New Statesman
February 25, 2010
Stuck Record
By Fisun Güner
Billy Childish, painter, writer and prolific musician, was a founding member of the Stuckists - that minor, rather silly, anti-conceptual art movement. In 1999 they published a manifesto proclaiming that, instead of sticking a shark in formaldehyde to somehow "explore ideas about death", or embroidering tents with names of all the folk you've slept with in order to "explore ideas about intimacy", all artists must paint, and paint figuratively, too.
So, this raises the question: just what is Childish doing at the ICA, the grand old lady of conceptual art? The institute has given him his own exhibition, displaying not only his most recent paintings, but lots of archive material upstairs relating to his records, poems, novels and film work. There's a whole wall devoted to his record sleeves, including one featuring a young Tracey Emin, his one-time girlfriend, dressed as a French maid and managing to look both very bored and very minxy.
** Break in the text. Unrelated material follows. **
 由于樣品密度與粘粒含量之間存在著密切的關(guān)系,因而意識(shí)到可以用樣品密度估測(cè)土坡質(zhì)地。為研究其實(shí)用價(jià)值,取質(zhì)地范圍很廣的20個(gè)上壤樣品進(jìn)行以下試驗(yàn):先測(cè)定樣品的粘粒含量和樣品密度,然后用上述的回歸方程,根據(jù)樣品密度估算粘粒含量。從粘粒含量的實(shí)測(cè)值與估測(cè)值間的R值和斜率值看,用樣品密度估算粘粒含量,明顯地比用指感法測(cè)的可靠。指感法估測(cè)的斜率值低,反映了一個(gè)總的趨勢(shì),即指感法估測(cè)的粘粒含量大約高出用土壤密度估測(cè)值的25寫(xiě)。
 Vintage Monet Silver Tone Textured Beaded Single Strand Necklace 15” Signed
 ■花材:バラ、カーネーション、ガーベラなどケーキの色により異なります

Perhaps, after decades of being of minor cultural interest - something in the tradition of the Outsider artist - Childish is finally getting the establishment recognition he deserves. Or perhaps, more cynically, the ailing ICA needs to get its attendance figures up pretty sharpish, and who better than this semi-underground cult figure to help it do that, one whose musical admirers have included Kurt Cobain, the White Stripes and, er, Kylie Minogue? (In fact, you sometimes wonder if Childish has somehow been selected to play stooge to the cool, clever guys - a naïf Henri Rousseau indulged by the real players, who, in Rousseau's case, were the early modernists.)
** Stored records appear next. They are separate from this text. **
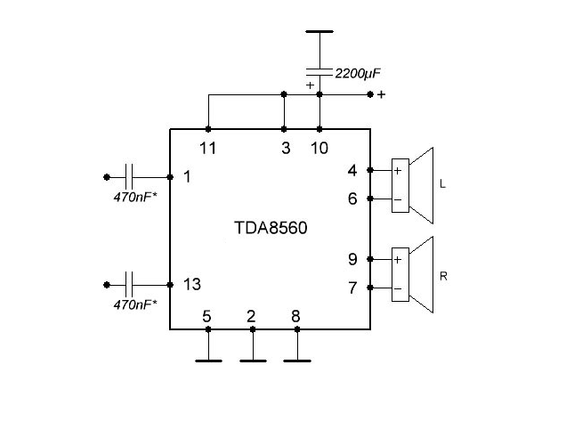 Этот стереофонический усилитель при однополярном питании 12 вольт и минимальной обвязке может выдать мощность до 40 ватт (на нагрузке 2 Ома)! Такой уровень питающего напряжения делает удобным применение схемы в составе автомобильной акустической системы.
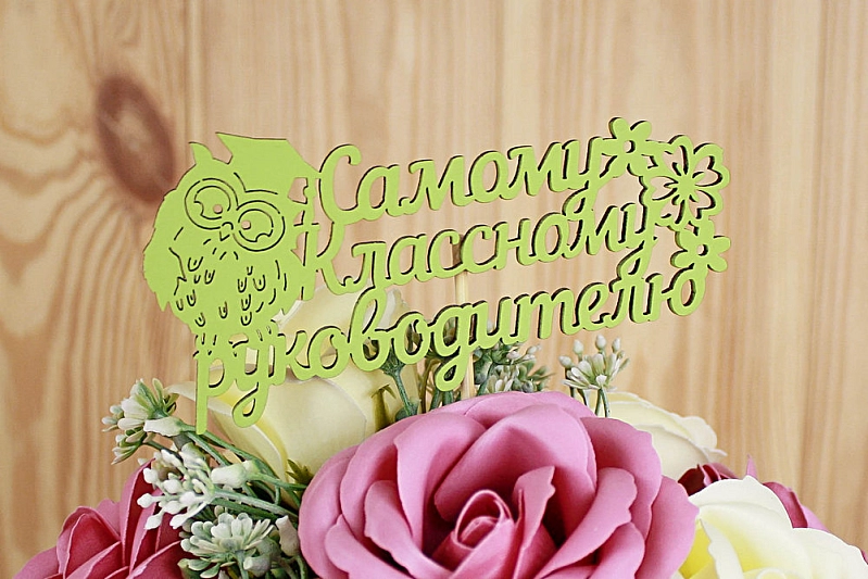 Ищете необычный и памятный подарок для любимого учителя? Этот яркий и стильный топпер станет прекрасным дополнением к любому букету или торту! 🎂 Он изготовлен из качественного МДФ толщиной 3 мм, что обеспечивает прочность и долговечность изделия.
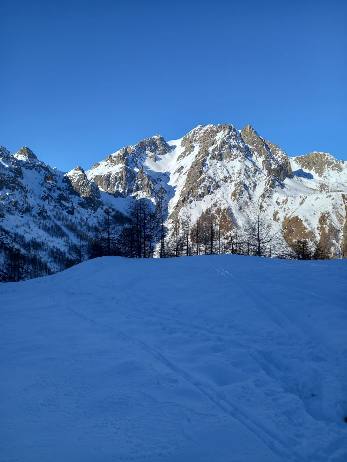 Tracciato ben battuto fino alla cima. Bella vista sulla nord di rocca la Meja, e ovviamente sul Re di pietra. Con Piero e Miki

In the main gallery you'll find his paintings: self-portraits; a painting of the Swiss writer Robert Walser, dead and taken from a forensic police photo; a still life of irises; a sad industrial landscape depicting somewhere in Rochester, Kent. All are painted with ragged, swirling, expressionistic gestures in dissonant colours. I particularly like the one of him wearing his French artist's beret - very Rousseau - and canary yellow hill-walking outfit. You might say that he's no Munch, the artist Childish most resembles here; but then you might counter that neither was Munch, really, apart from two or three of his best paintings.